All of the data below is to be repeated exactly, except for the pictures.

═══ Dataset content ═══

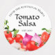 You can use these to label your homemade tomato salsa. Fits perfectly on canning lids or on canning jars. The design shows fresh tomatoes with garlic, onions, and oregano. These round stickers can be used for homemade preserves, gifts, seal packages, and a whole lot more.
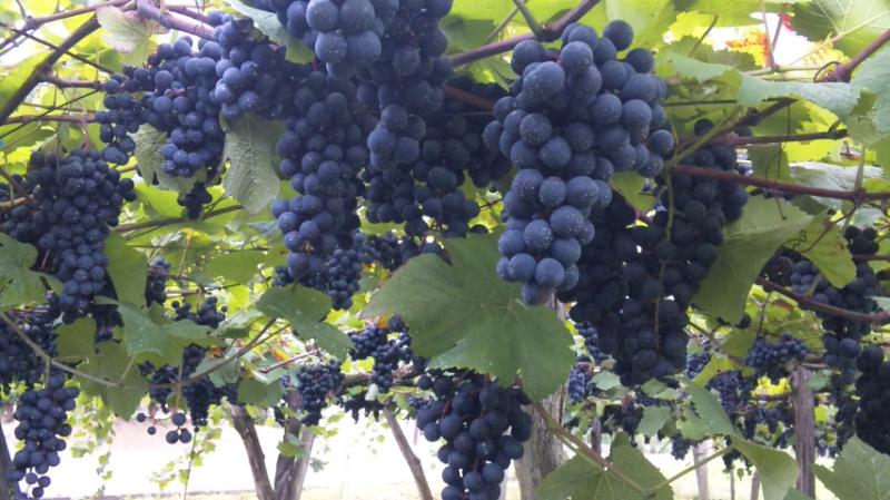 明日仕込む予定の収穫前のベリー・アリカントA。赤ワイン用のぶどう品種では早い時期に収穫が出来ます。赤肉と言うくらい、果肉が真っ赤っ赤。おらいの『赤湯ヌーヴォー(赤)』の原料なので、毎年かなり濃い赤のヌーヴォーを造ってます。アントシアニン、ポリフェノールの含有量が物凄いです。
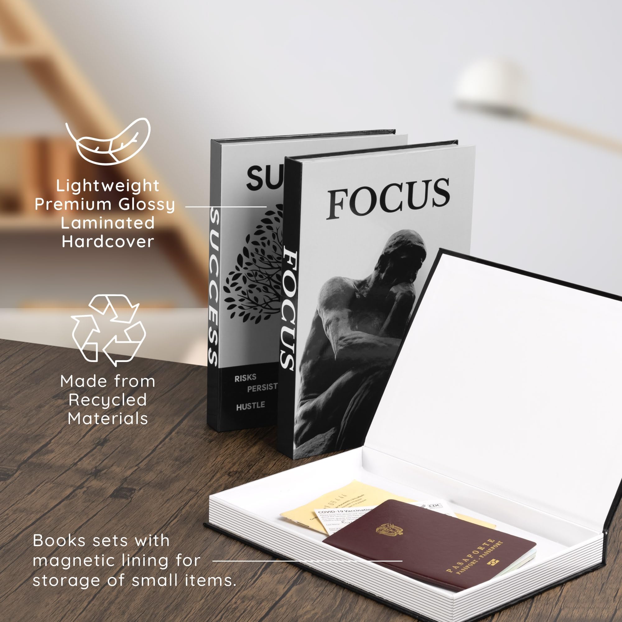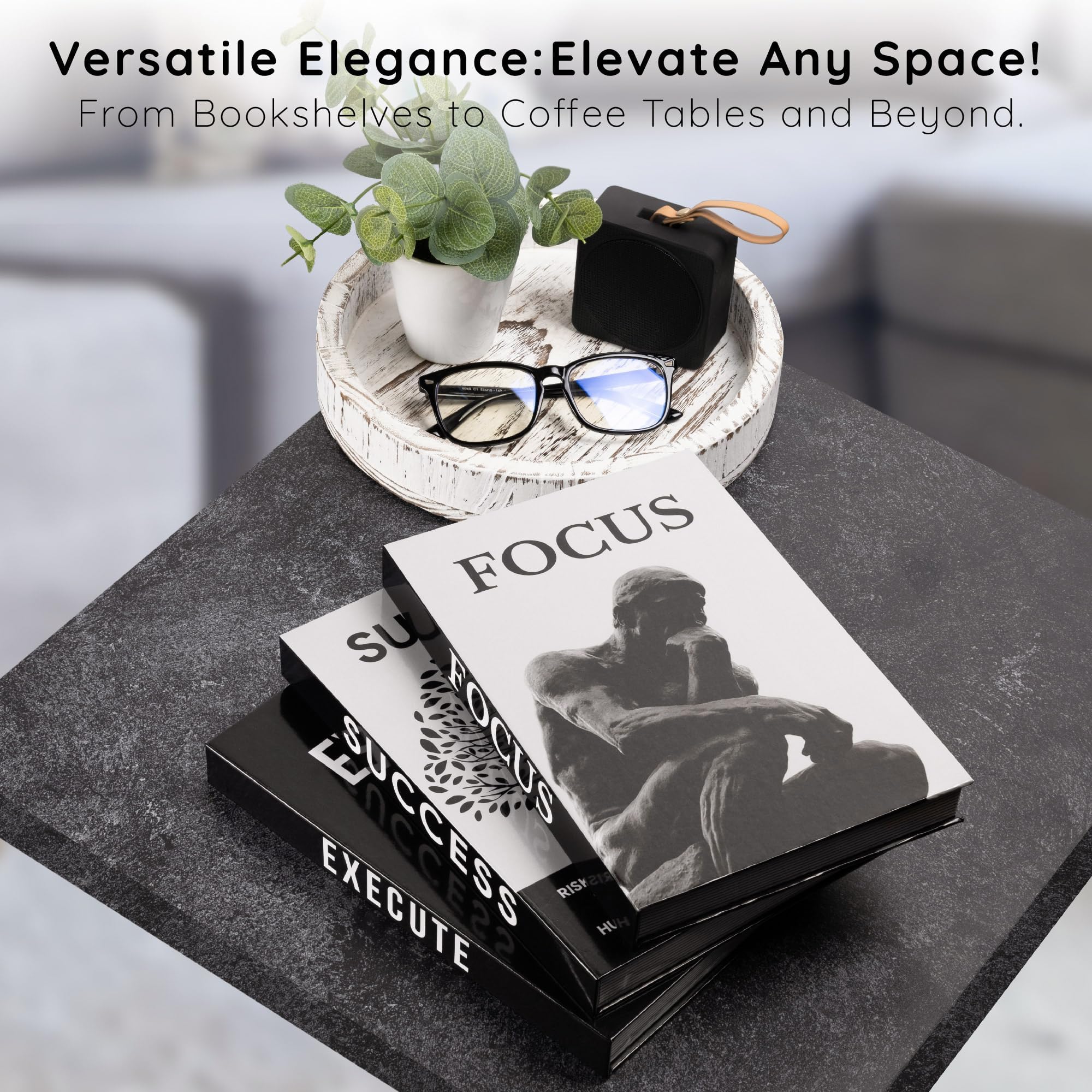 Inspiring Workspace – With bold titles like Focus, Execute, Success, this decorative book set serves as a daily reminder to stay motivated and productive, helping to create a positive, goal-driven atmosphere in your home office or workspace.
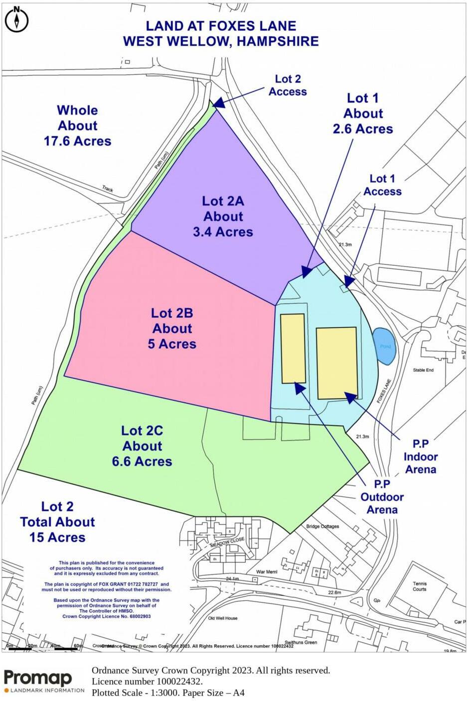 Established level pasture with equestrian use. Good vehicular access situated within the Test Valley. Further 8.4 Acres of pasture and 3.6 acres with Planning in perpetuity available by separate negotiation. LOT 2C - Total about 5.1 acres

═══

§ **Solution to the problem**:
 You can use these to label your homemade tomato salsa. Fits perfectly on canning lids or on canning jars. The design shows fresh tomatoes with garlic, onions, and oregano. These round stickers can be used for homemade preserves, gifts, seal packages, and a whole lot more.
 明日仕込む予定の収穫前のベリー・アリカントA。赤ワイン用のぶどう品種では早い時期に収穫が出来ます。赤肉と言うくらい、果肉が真っ赤っ赤。おらいの『赤湯ヌーヴォー(赤)』の原料なので、毎年かなり濃い赤のヌーヴォーを造ってます。アントシアニン、ポリフェノールの含有量が物凄いです。
 Inspiring Workspace – With bold titles like Focus, Execute, Success, this decorative book set serves as a daily reminder to stay motivated and productive, helping to create a positive, goal-driven atmosphere in your home office or workspace.
 Established level pasture with equestrian use. Good vehicular access situated within the Test Valley. Further 8.4 Acres of pasture and 3.6 acres with Planning in perpetuity available by separate negotiation. LOT 2C - Total about 5.1 acres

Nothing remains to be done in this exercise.